I nod and place a hand on Ashe’s back, as she’s right. Even after Esther became the new high matriarch and changed much of the religion of her mother back to the old ways, she left certain commandments of the goddess the way they were. To a certain extent, the religion of the goddess is a fertility cult, so Ashe’s love would be seen as blasphemous. There really isn’t a future for her here.
Ashe looks at me and asks, “What about you? Are you going to go after the woman you love? You are still alive; your face may be different but your heart’s the same. If you don’t do something by tomorrow morning, you’ll lose her forever.”
“It is the will of my master that she becomes a queen. The man that currently courts her, will make her a queen not only of the Western Mountain Halls but rani of the Eastern Dune Empire. He is a better and more worthy man than I, as he brought her out of the gloom of my death and I was graced with her smile once more, not by my efforts but his,” I say picking a piece of straw from the roof and I twiddle it between my fingers before I let the breeze take it from my hand.
Ashe reclines backward and stares at the starry sky and says, “What about your happiness? You’ve gone through so much for her, and Uzuri loves you deeply. Don’t you deserve what you’ve fought for. Doesn’t she deserve to know that you are still alive?”

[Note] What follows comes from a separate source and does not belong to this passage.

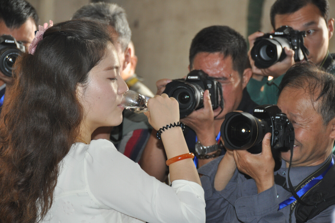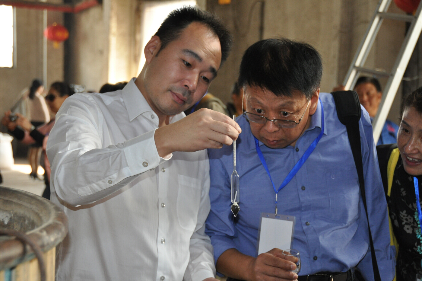 參賽的各位朋友們在公司講解員的介紹和引導下,了解了心酒的發展歷程,來到了糧食酒生產車間。生產車間熱氣騰騰的工作場面,調動起了早已按捺不住的創作沖動,紛紛拿起手中的長槍短炮拍個不停。他們尋找不同角度,努力拍到自己想要的畫面,或站、或蹲、或趴在地上,或攀上高處,或讓工人放慢操作速度,或讓我們的美女講解員臨時客串起了“模特兒”,就連董事長也未放過,或合影,或當講解員,或端起酒杯一起品嘗熱騰騰的原酒。

“According to my master, she’ll be pivotal in saving thousands of lives in the near future. Also, if I did marry her, our marriage would cause a war amongst the three teratolion kingdoms due to differences in religious and political opinion… in a sense my being dead to her has already saved several lives from the horrors we’ve witnessed. We only saw a fraction of the teratolion armies of the Western Mountain Hall, could you imagine a war between that army and two others just as large? I cannot sacrifice so many lives to indulge in a moment of happiness for my own sake, especially after what we’ve seen,” I say and memories of women and children being torn in twain by monstrous claws, and pyres made of newly made homes burn into my mind. It is better that I’m dead to Uzuri, and that the lie persists.
“Will we ever know happiness Skath?” asks Ashe as she turns her head to me again.

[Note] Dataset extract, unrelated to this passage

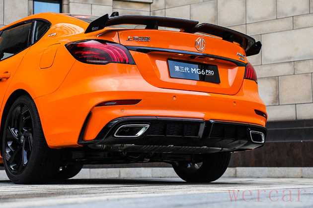 首先,第三代MG6 PRO延续了家族式的“Dragon Face”设计语言,但更显年轻、动感。溜背式造型、无框车门、贯穿式灯带以及精致的细节处理,都让它在路上具有很高的辨识度。车尾的设计尤为引人注目,饱满的尾翼、简洁的镀铬饰条以及贯穿式尾灯,进一步强化了运动的氛围。整体观感时尚且富有力量感,符合年轻消费者的审美。

Parts of me wants to say something of comfort to Ashe, but my heart answers before my mind does, “I don’t know…”
“So, will you be attending the royal proposal tomorrow?” asks Ashe and I bite the inner flesh of my cheek as I don’t want to respond to that question, nor do I want to be present, as the future I had hoped for will be taken from me.
It has only been a few months since my funeral and already Uzuri is about to wed. Then again, Mul’Rensi the maharajkumar of the Eastern Dune Empire swept her off her feet. In the depths of Uzuri’s sorrow, he made her laugh. In the struggles Uzuri has had assuming her new role as princess, Mul’Rensi stood by her side and acted as a guide. Whenever Uzuri felt different, he stood as a confidant, as he too is a teratolion of mixed blood. He has been there when I could not be, and sometimes I think he is a better match for Uzuri than I could ever be. He brings out of her the queen that she was always meant to be, whereas I would have merely squandered her potential and perhaps even limit the happiness she could have in this life.
Ashe shakes my shoulder and asks again, “Skath are you going to attend the royal proposal tomorrow?”
I shake my head and say, “no… not unless I’m invited, and even then, I’ll try to find an excuse not to attend.”
A new voice pipes up that makes a shudder go down my spine, as not only do I recognize the voice, but it is not a voice of one of the villagers of Unadeam, “At the behest of King Upendo. I Mlinzi, captain of the guard formally deliver this invitation from his royal highness for a private audience. It is good to know that you are alive and well, Skath son of Turas, son of Angtos, the savior of the princess Uzuri.”